Re: Random number generation using radioactivity

From: Ernst Lippe (ernstl-at-planet-dot-nl_at_ignore.this)
Date: 08/15/04


Date: Sun, 15 Aug 2004 14:28:12 +0200

On Sun, 08 Aug 2004 22:12:35 -0700, juuitcha wrote:

> I wonder if this would be a good method for random number generation using
> radioactive decay:
>
> You have a radioactive source and a Geiger counter. This setup is
> connected to a computer. The computer's internal timer is good enough to
> split the average time between two consecutive decays into several hundred
> parts.
>
> You take the intervals between successive decays modulo P (P is a smallish
> prime number, like 41 or 59). When you get about 30 or so of these
> numbers, you concatenate them, read it as a single base-P number, convert
> it to decimal, throw away the first 10 or so digits, and keep the rest as
> random digits.
>
> No mind-bending hash functions required.

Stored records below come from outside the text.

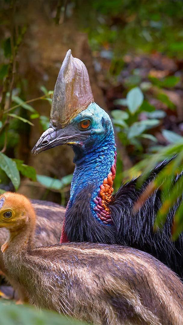 2022-06-19 父亲节快乐!为了庆祝,我们冒险进入澳大利亚昆士兰的热带雨林,拜访大自然中最具保护力的父亲之一,双垂鹤鸵,这是三种不会飞的鸟类中最大的一种。鹤鸵,就像这位溺爱的父亲和他的宝宝一样,因其锋利的匕首般的爪子和好斗的行为而赢得了“世界上最危险的鸟类”的称号。鹤鸵以攻击家畜甚至人类而臭名昭著。在野外,成年鹤鸵非常好斗,没有天敌。然而,他们的后代需要一些保护。这时爸爸介入了。<br>一旦鹤鸵妈妈下了蛋,她就会抛弃这个家庭,开始组建新的家庭。鹤鸵是独居鸟类,因此抛弃幼鸟是很自然的。但爸爸知道他的孩子需要帮助。他将在蛋上坐上51天以上,添加或移除筑巢材料,以使他们的家保持在完美的温度。在这段时间里,为了保证蛋的安全,他经常不吃饭。雏鸟孵化后可以在巢中待九个月。爸爸一直陪在他们身边,经常带他们出去觅食,教它们生存。<br>蛇、蜥蜴和老鹰试图捕捉鹤鸵幼鸟时,经常会遭到鹤鸵爸爸用爪子进行的极具攻击性的踢打,这些爪子可以将潜在攻击者的内脏取出。一旦他的孩子长大成人,鹤鸵爸爸就会把他们赶走,并准备带着另一窝孩子再次这样做。虽然没有关于他的孩子们回来送“世界上最棒的爸爸”的杯子或烟灰缸的报道,但雄性鹤鸵对做父亲的奉献赢得了我们的钦佩。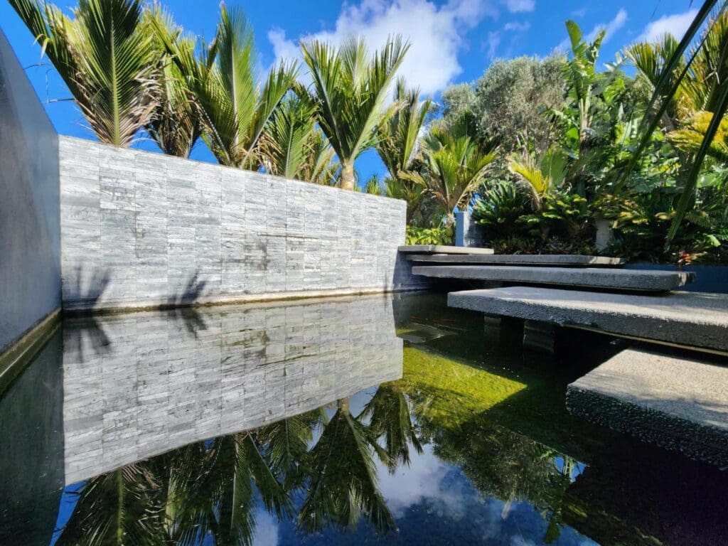 A tropical entrance with a serene fishpond sets the tone, guiding you through the front door with uninterrupted ocean views ahead.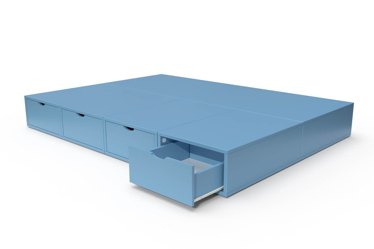 Lit double avec rangement tiroirs Cube, Couleur: Bleu Pastel, Dimensions: 140x200

Uh, I think that you have just defined your own hash function.

The standard crypto solution in this case would be to feed
the full outputs of the Geiger counter into an algorithm
such as Yarrow or Fortuna. Yes, there are lots of mind-bending
hash functions in there, but there are there for a very good
reason.

Your approach is probably biased and/or not very efficient. The expected
distribution for the intervals is approximately an exponential distribution,
it will be different from the exponential distribution for short
time-intervals, because of the dead time of the Geiger counter. Because of the
shape of this distribution, (it is a very skewed distribution) the results of
computing the value modulo P are very likely to be biased towards the lower
values. Concatenating the outputs as a single base-P number and discarding
the top digits will not remove this bias. (BTW why should P be a prime, I see
no sound reasons for that choice.) Of course, you can make the bias smaller by
taking values for P that are tiny compared to the possible range of interval
values, but then you are discarding a lot of entropy, because you are
discarding all entropy from the higher order digits.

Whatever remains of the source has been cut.